**What you are asked to do**
What the task requires is an exact printout of the listing below, pictures excluded.

**Collected material**

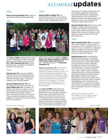 1970s Patricia Gras ’79 received a HAHMP Lifetime Achievement Award and she recently released her fourth album of international pop songs, “Simplicity.” (cdbaby.com/cd/patriciagras) Roxana Wilkins Herrera ’74, with her daughter Te’a (7) at the home of Judy Zuniga-Hyde ’74, in Boerne, TX where Judy now lives. Judy is Te’a’s Godmother and she and Roxana were best friends at St. Agnes. Roxana works at British Petroleum in Houston. They were able to spend several days together in August visiting and enjoying the hill country area.
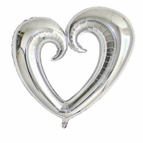 בלון בצורת לב חלול בצבע כסף
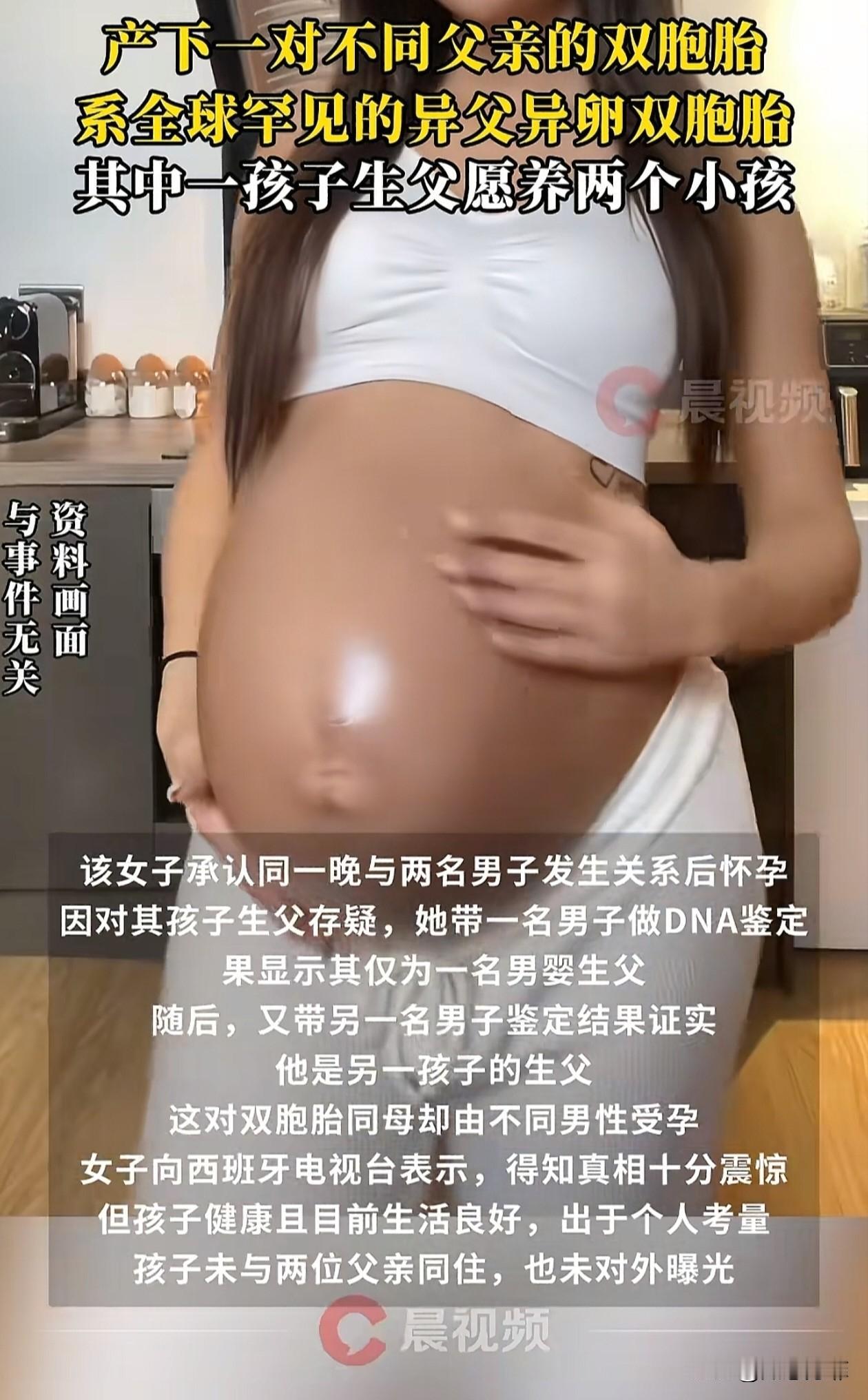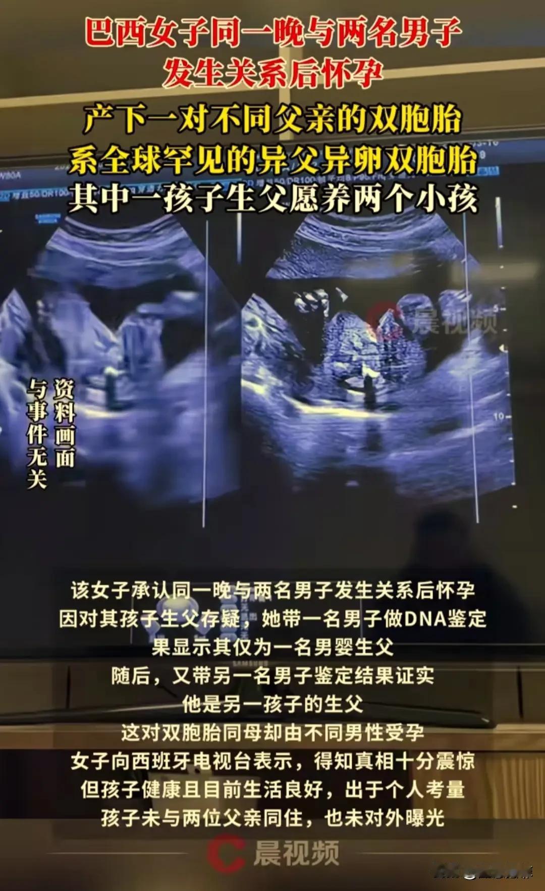巴西,一女子同一天晚上和两名男子发生关系后怀孕,产下一对双胞胎,八个月后亲子鉴定时,竟发现两个孩子父亲不同,系全球罕见的异父异卵双胞胎,其中一个孩子的生父愿意养两个孩子。 女子生下双胞胎后,很开心,可等孩子长到八个月大时,她感觉不太对劲。 两个孩子的肤色和五官都有明显差异,再加上她记得自己受孕那晚曾跟两名男子有过无保护亲密接触,于是找到其中一个男子去做亲子鉴定。 结果显示,这名男子只跟其中一个孩子有亲子关系,她又赶紧找到另一名男子做鉴定,最后确认他就是另一个孩子的生父。 医生表示,这种现象叫“异父异卵超受精”,就是女子排卵期时,身体一次性排了两颗卵子,且在短时间内,刚好和两名男人的精子分别结合,形成了两个独立的受精卵,最终在子宫内各自发育为胎儿。 后来女子为了保护孩子的隐私,没有让孩子与两位生父同住。但其中一名生父选择承担全部责任,不仅将两个孩子正式登记为自己的子女,还一直提供经济支持与情感陪伴。 现在两个孩子都健健康康的,生活过得很安稳。 网友们都觉得太神奇了,感叹生命的巧合,说这简直是现实版的离谱剧情,比电视剧还魔幻,也第一次知道还有这种罕见的生育情况。 那位主动养两个孩子的父亲值得点赞,真正的父爱跟血缘没关系,责任和担当才更重要,这份超越血缘的照顾特别珍贵。

**Written solution**
 1970s Patricia Gras ’79 received a HAHMP Lifetime Achievement Award and she recently released her fourth album of international pop songs, “Simplicity.” (cdbaby.com/cd/patriciagras) Roxana Wilkins Herrera ’74, with her daughter Te’a (7) at the home of Judy Zuniga-Hyde ’74, in Boerne, TX where Judy now lives. Judy is Te’a’s Godmother and she and Roxana were best friends at St. Agnes. Roxana works at British Petroleum in Houston. They were able to spend several days together in August visiting and enjoying the hill country area.
 בלון בצורת לב חלול בצבע כסף
巴西,一女子同一天晚上和两名男子发生关系后怀孕,产下一对双胞胎,八个月后亲子鉴定时,竟发现两个孩子父亲不同,系全球罕见的异父异卵双胞胎,其中一个孩子的生父愿意养两个孩子。 女子生下双胞胎后,很开心,可等孩子长到八个月大时,她感觉不太对劲。 两个孩子的肤色和五官都有明显差异,再加上她记得自己受孕那晚曾跟两名男子有过无保护亲密接触,于是找到其中一个男子去做亲子鉴定。 结果显示,这名男子只跟其中一个孩子有亲子关系,她又赶紧找到另一名男子做鉴定,最后确认他就是另一个孩子的生父。 医生表示,这种现象叫“异父异卵超受精”,就是女子排卵期时,身体一次性排了两颗卵子,且在短时间内,刚好和两名男人的精子分别结合,形成了两个独立的受精卵,最终在子宫内各自发育为胎儿。 后来女子为了保护孩子的隐私,没有让孩子与两位生父同住。但其中一名生父选择承担全部责任,不仅将两个孩子正式登记为自己的子女,还一直提供经济支持与情感陪伴。 现在两个孩子都健健康康的,生活过得很安稳。 网友们都觉得太神奇了,感叹生命的巧合,说这简直是现实版的离谱剧情,比电视剧还魔幻,也第一次知道还有这种罕见的生育情况。 那位主动养两个孩子的父亲值得点赞,真正的父爱跟血缘没关系,责任和担当才更重要,这份超越血缘的照顾特别珍贵。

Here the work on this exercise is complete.